Though this murder occurred within the City of London, it was close to the boundary of Whitechapel where the previous murders in the series had occurred. The mutilation of Eddowes' body and the abstraction of her left kidney and part of her womb by her murderer bore the signature of 'Jack the Ripper' and was very similar in nature to that of earlier victim Annie Chapman.
Due to the location of Mitre Square, the City Police under Detective Inspector James McWilliam joined the murder enquiry alongisde the Metropolitan Police who had been engaged in the previous Whitechapel murders.

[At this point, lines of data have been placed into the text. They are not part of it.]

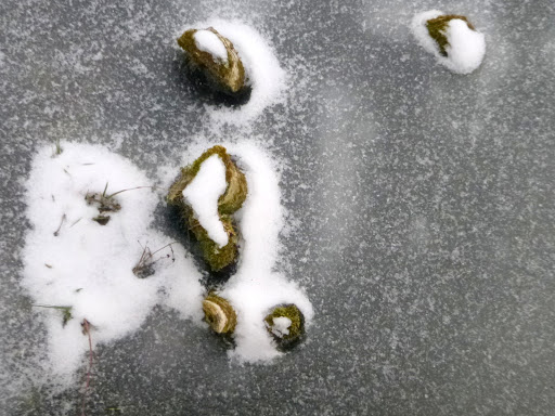 Na początek rzut okien na aktualny stan lodowy stawu na Bielniku. Dziś w parku stary, nieprzezroczysty lód, do tego przyprószony trochę śniegiem, brak lodowych arcydzieł, to nie utknąłem tu na dłużej.Trzech Króli? TrzechZająców? Nie, Trzech Kaczorów!
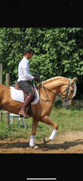 Zum Verkauf steht ein beeindruckendes Hispano-Arabisches Pferd mit goldener Palomino-Farbe. Derzeit ist es 4,5 Jahre alt, misst 1,65 m und besitzt eine elegante, tragfähige Erscheinung. Es ist noch jung und verfügt über ein vielversprechendes Entwicklungspotenzial. Charakter und Fähigkeiten: Es ist ein unkomplizierter, ausgeglichener und sehr angenehmer Begleiter im Alltag. Besonders menschenbezogen zeigt es stets Respekt und ist beim Training immer motiviert. • Niveau: Grundkenntnisse in den drei Grundgangarten. • Exterieur: Sehr zuverlässig, geht problemlos alleine ins Gelände. • Vielseitigkeit: Perfekt für Freizeit, Amateurdressur oder für einen Reiter, der einen gesunden, ausgeglichenen Partner sucht. Lebensweise und Gesundheit: • Haltung: Gewöhnt an die Weide mit Artgenossen (sozial), kennt auch den Offenstall. • Transport: Problemloses Reisen. • Gesundheit: Aktuelle Impfungen, gesundes Pferd. Besonderheiten: Sein vorbildliches Wesen, seine Vielseitigkeit und die außergewöhnliche Farbe.
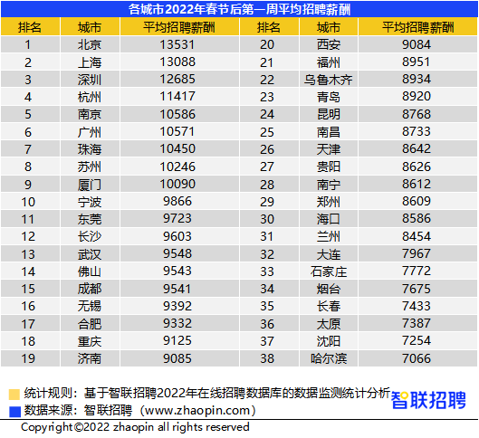 數(shù)據(jù)顯示,職場人對(duì)2022年經(jīng)濟(jì)形勢抱有樂觀期待。節(jié)后首周求職行為活躍,平均招聘薪酬10088元/月,其中北上深杭居前四。金融、IT互聯(lián)網(wǎng)依然是高薪行業(yè),人工智能崗位薪資21985元/月,新能源汽車、半導(dǎo)體、生物醫(yī)藥新晉高薪職業(yè)榜單。
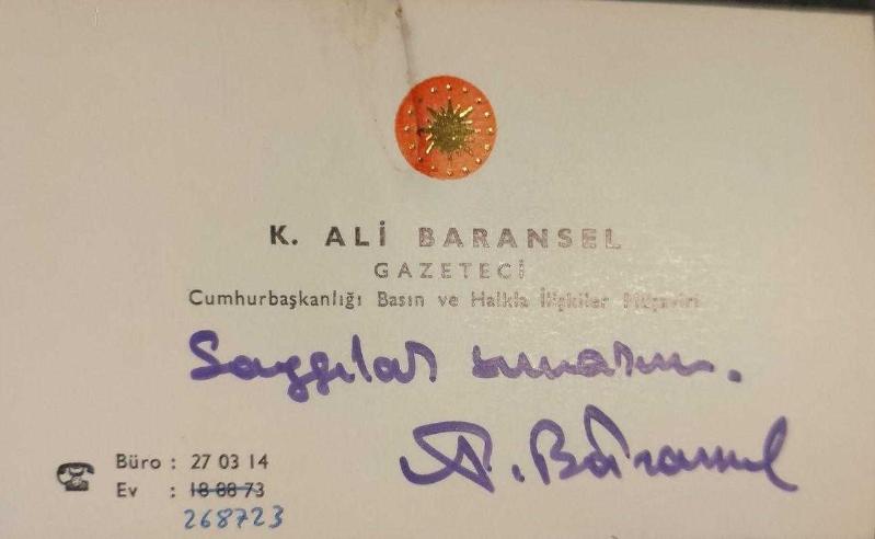 İMZALI KARTVİZİT GAZETECİ K. ALİ BARANSEL CUMHURBAŞKANLIĞI BASIN VE HALKLA İLİŞKİLER MÜŞAVİRİ, en son 3 ay önce güncellenmiştir.
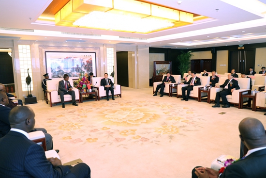 倫古總統(tǒng)與肖亞慶主任會見現(xiàn)場全景
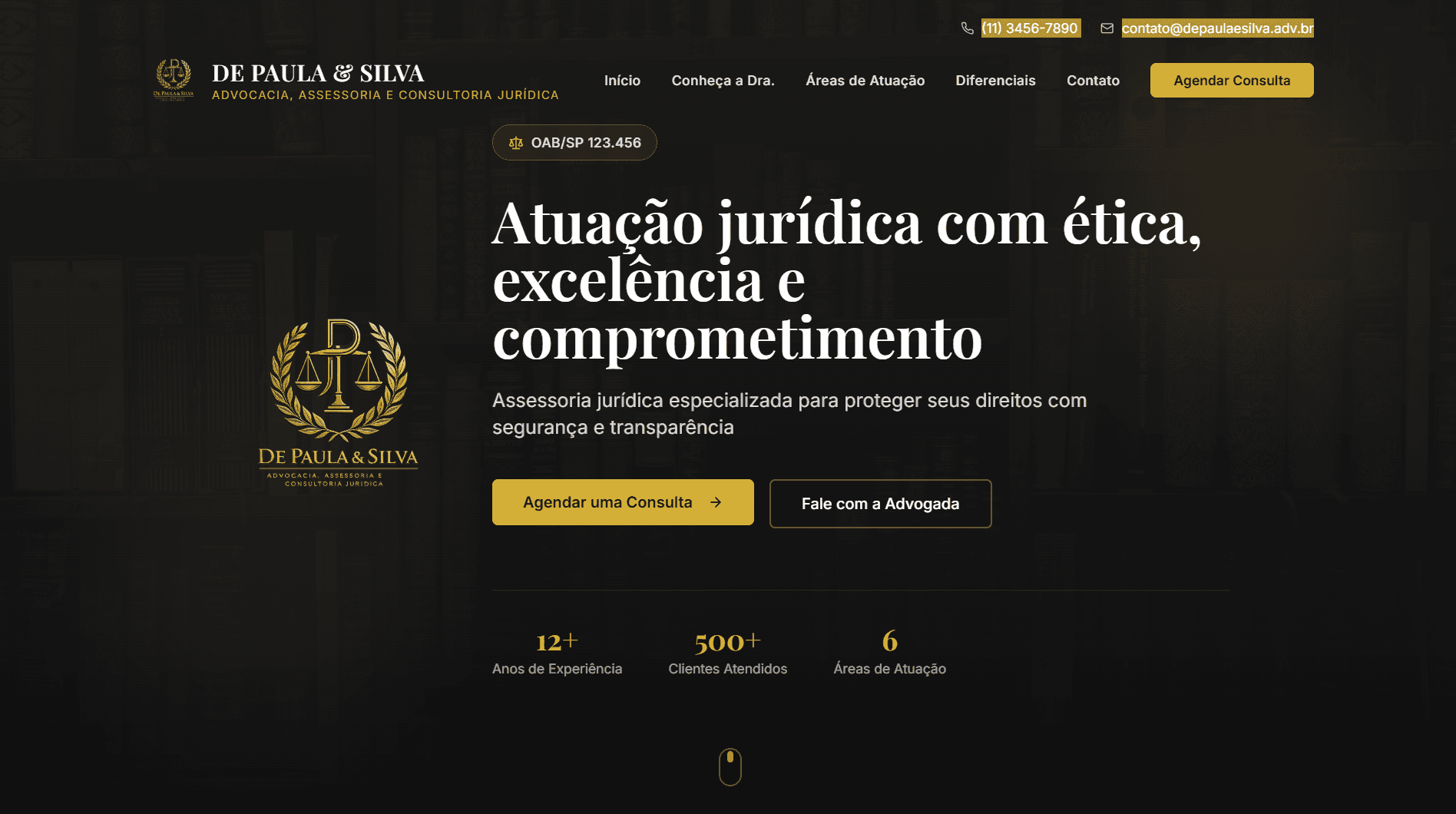 Site institucional para consultório. Sobre, áreas de atuação, depoimentos e formulário de contato.
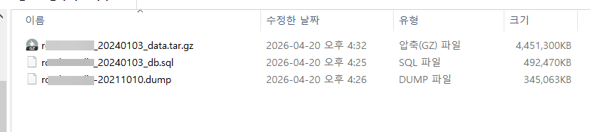 그림과 같이 1개의 데이터 파일과 2개의 DB 파일을 제공받았습니다. 데이터 파일은 2024년 1월에, DB 파일은 2024년 1월과 2021년 10월에 각각 백업한 것 같습니다.
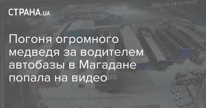 В России по одному из районов Магадана бродит крупный медведь. Один из таких визитов попал на видео. Камера запечатлела, как косолапый бодро пробегает по территории автобазы.

At 3am on the same day as she was murdered, a blood-stained fragment of Eddowes' apron was found lying in the passage of the doorway leading to Flats 108 and 119, Model Dwellings, Goulston Street, Whitechapel. Above it on the wall was a graffito commonly held to have been inscribed: "The Juwes are the men that Will not be Blamed for nothing". This Goulston Street graffito was washed away on the order of Superintendent Thomas Arnold before photographs could be taken, possibly due to concerns about racial tensions although the writing could also refer to the inability of the police force to catch the Ripper.